» **Your instructions**
An exact reprint of the listing is required, with no pictures included.

» **Supplied material**
------------

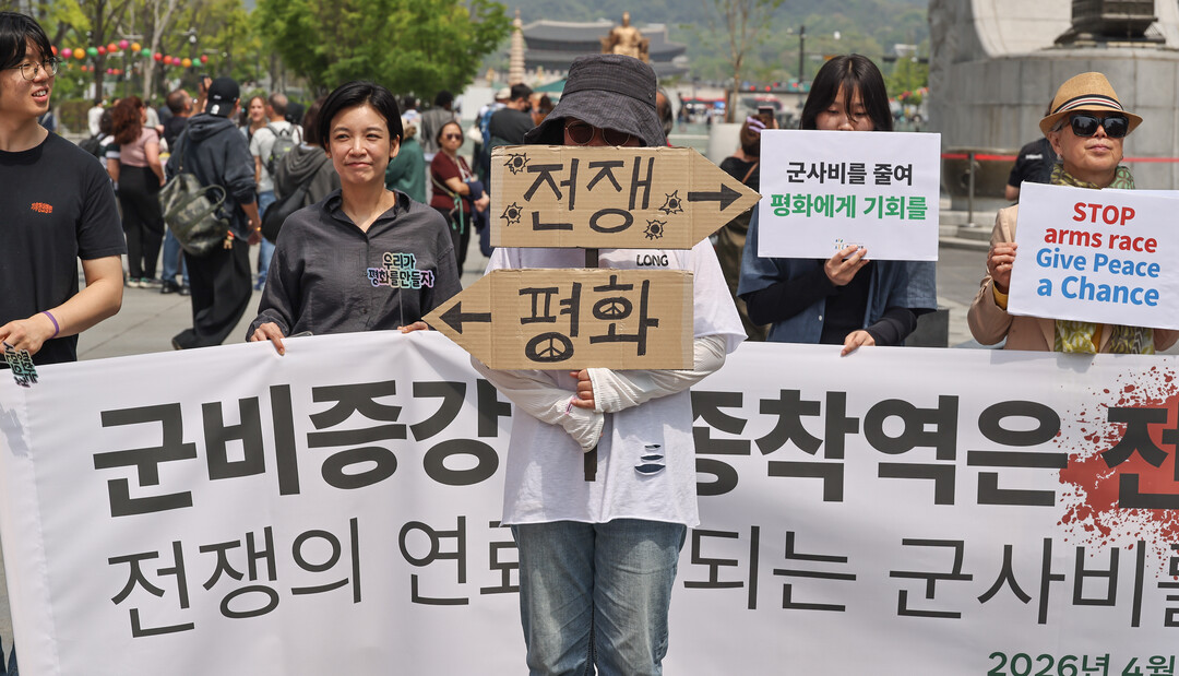 2026 세계군축행동의 날(Global Days of Action on Military Spending, GDAMS)을 맞아 27일 오전 서울 종로구 광화문광장에서 시민사회단체들이 <군비증강의 종착역은 전쟁일 뿐 – 전쟁의 연료가 되는 군사비를 줄여라>를 주제로 기자회견을 열었다.
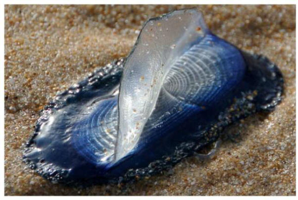 Secondo il nome, Velella ha una specie di vela, attaccato alla loro testa. Quella “vela” permette loro di impegnarsi navigare come desideri. Sono cacciati da pochi predatori, sebbene alcune lumache marine e le lumache acquatiche si nutrano di loro.
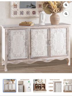 Accent Cabinet Rustic Storage Cabinet with 3 Carved Doors, Vintage Sideboard Buffet Cabinet$150Marietta, GA
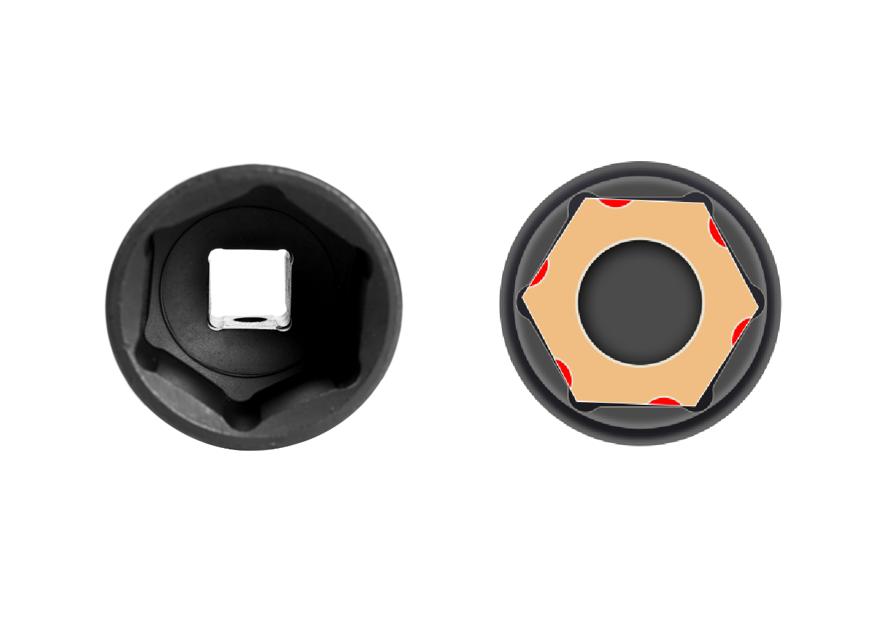 The 6-point hexagonal socket design ensures maximum contact with fasteners, and the chamfered opening allows for easy insertion. Radiused corners prevent fastener round-off by applying force to the fastener's flat sides, rather than its corners.

------------

» **Result of the exercise**
 2026 세계군축행동의 날(Global Days of Action on Military Spending, GDAMS)을 맞아 27일 오전 서울 종로구 광화문광장에서 시민사회단체들이 <군비증강의 종착역은 전쟁일 뿐 – 전쟁의 연료가 되는 군사비를 줄여라>를 주제로 기자회견을 열었다.
 Secondo il nome, Velella ha una specie di vela, attaccato alla loro testa. Quella “vela” permette loro di impegnarsi navigare come desideri. Sono cacciati da pochi predatori, sebbene alcune lumache marine e le lumache acquatiche si nutrano di loro.
 Accent Cabinet Rustic Storage Cabinet with 3 Carved Doors, Vintage Sideboard Buffet Cabinet$150Marietta, GA
 The 6-point hexagonal socket design ensures maximum contact with fasteners, and the chamfered opening allows for easy insertion. Radiused corners prevent fastener round-off by applying force to the fastener's flat sides, rather than its corners.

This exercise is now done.